_Task to complete_
Begin at the line containing "Dartz Mercedes G63" and restate it and each line after it exactly, up to and including the last line below. Leave pictures out.

(Items from a dataset)
===
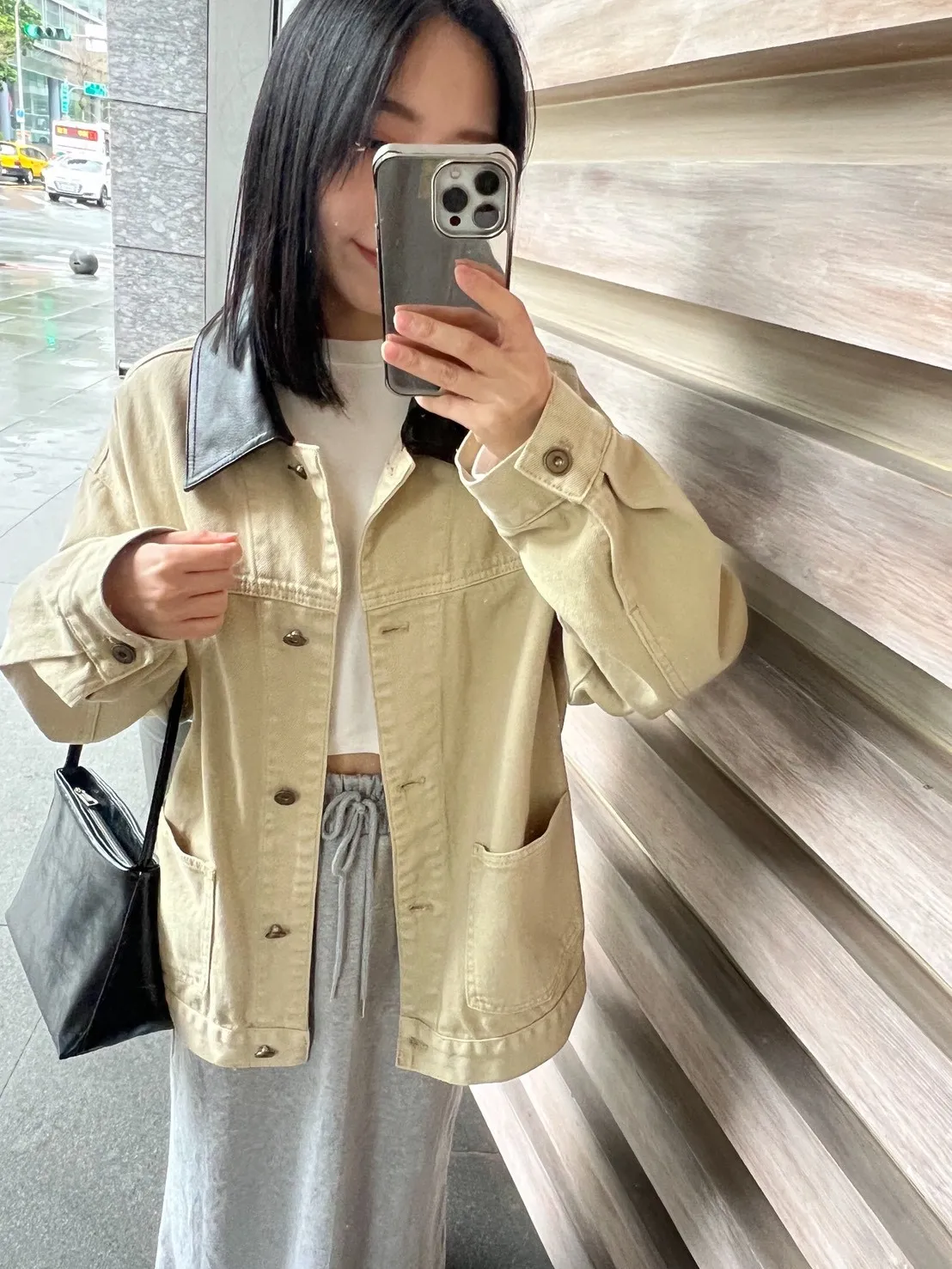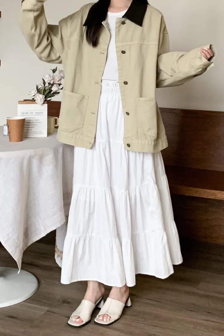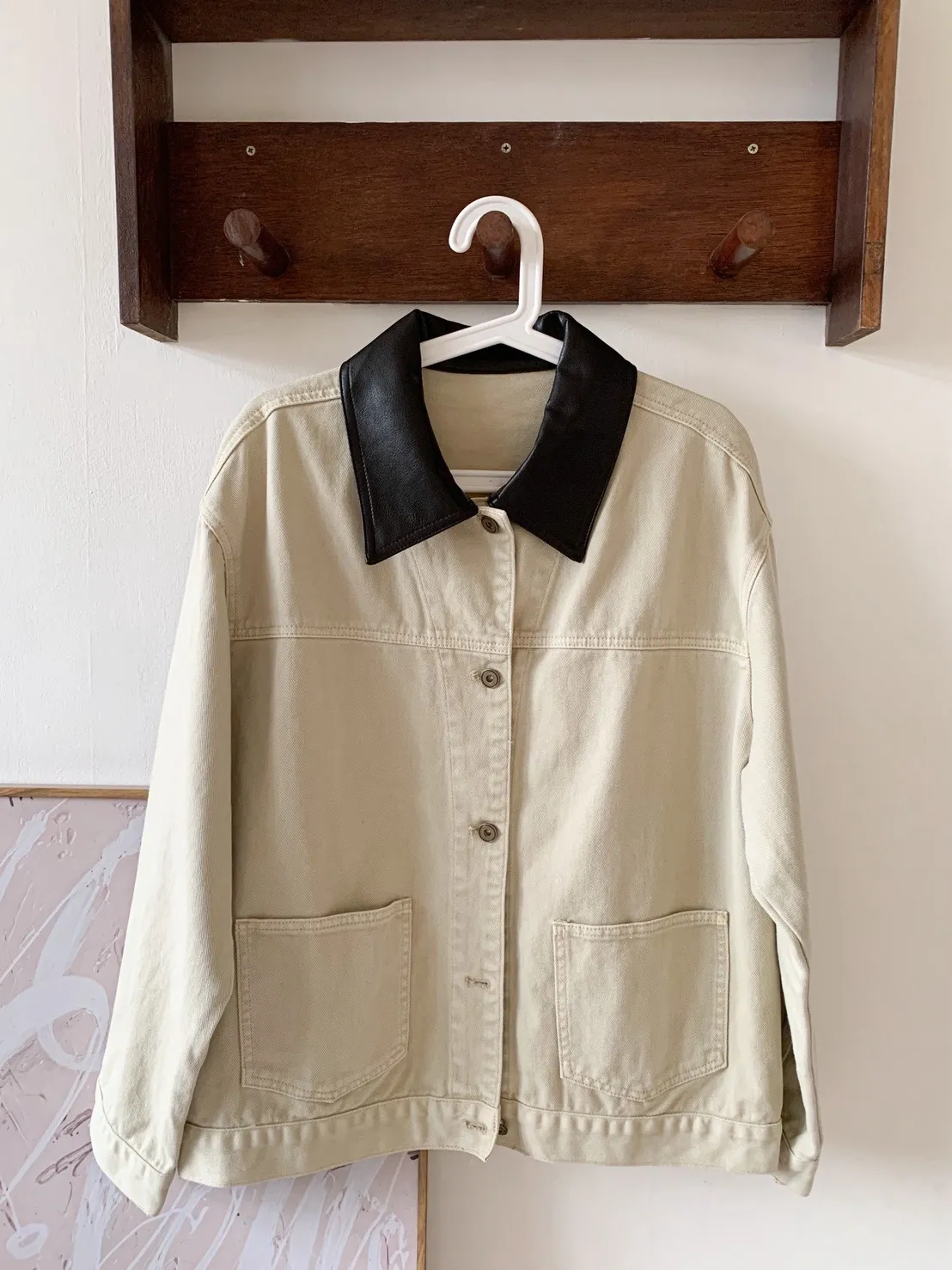 日不落尖領撞色丹寧外
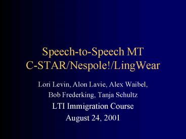 Title: SpeechtoSpeech MT CSTARNespoleLingWear
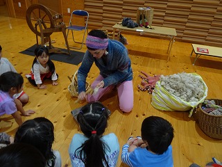 実際に触れて羊毛の感触を味わった子ども達。これがどうやって毛糸になるのか、とても興味をしめしていたよ。
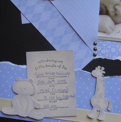 My time away was not totally devoid of stamping and scrapping - after all, my favourite subject (Tyler) was on hand the whole time, and Kari organized a couple of craft days with her friends. I was able to complete 4 layouts and do a bit more water-colouring in amongst kisses and cuddles for the baby.
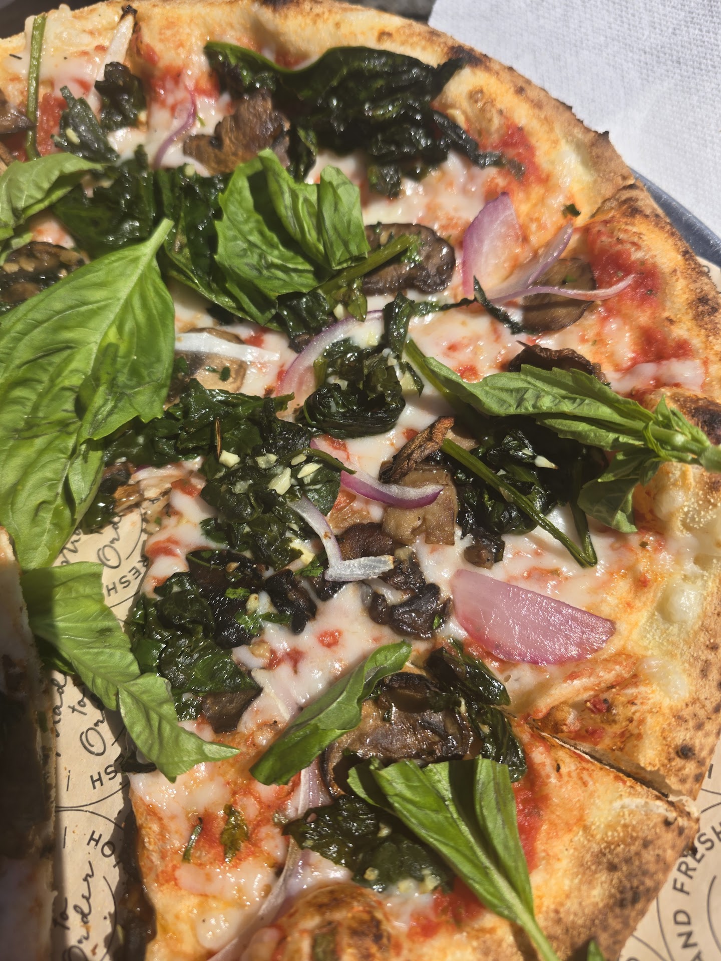 Read moreI appreciated the friendly customer service and the vegan Chef's specials. I ordered 2 pizzas and I have got to say, these guys know what's up. The crust was perfect, according to my 14 year old, the best he's ever had! One of the pizzas had mushrooms, sautéed spinach and red onions. The second pizza had mushrooms, caramelized onions and kalamatas. Delicious! I could eat the sautéed spinach itself by the bucket full. Don't forget the hot honey to top it all off! There weren't any clean tables, unfortunately, but it was pretty hoppin...
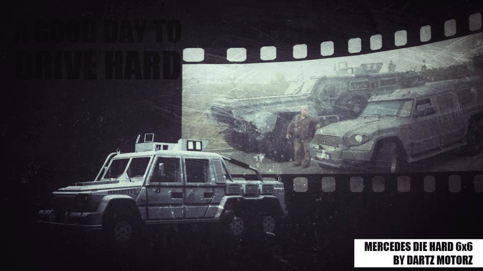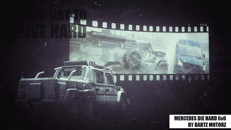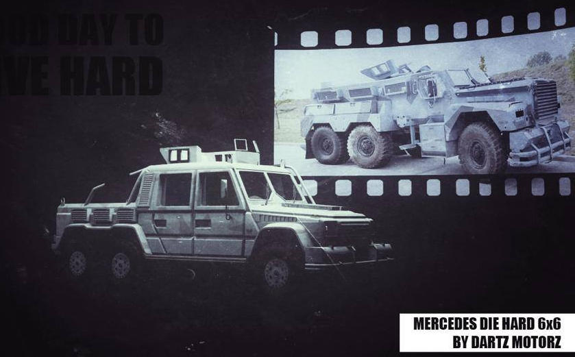 Dartz Mercedes G63 6×6 Die Hard, or DrIvE Hard, is inspired by Cougar 6×6 MRAP (Mine Resistant Ambush Protected) featured in Die Hard 5, and is described by its makers as the “Result of sex between MRAP and Mercedes G” and “World’s first funky armored car.”
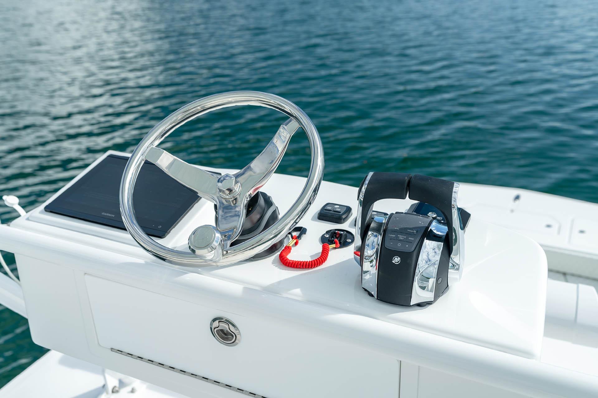 The helm is configured to support advanced Garmin electronics, including GPS, radar, sonar, and autopilot, delivering precise navigation and situational awareness. Excellent sightlines, intuitive controls, and a balanced helm layout allow for confident, fatigue-free operation on long passages.
===
_Result of this task_
 Dartz Mercedes G63 6×6 Die Hard, or DrIvE Hard, is inspired by Cougar 6×6 MRAP (Mine Resistant Ambush Protected) featured in Die Hard 5, and is described by its makers as the “Result of sex between MRAP and Mercedes G” and “World’s first funky armored car.”
 The helm is configured to support advanced Garmin electronics, including GPS, radar, sonar, and autopilot, delivering precise navigation and situational awareness. Excellent sightlines, intuitive controls, and a balanced helm layout allow for confident, fatigue-free operation on long passages.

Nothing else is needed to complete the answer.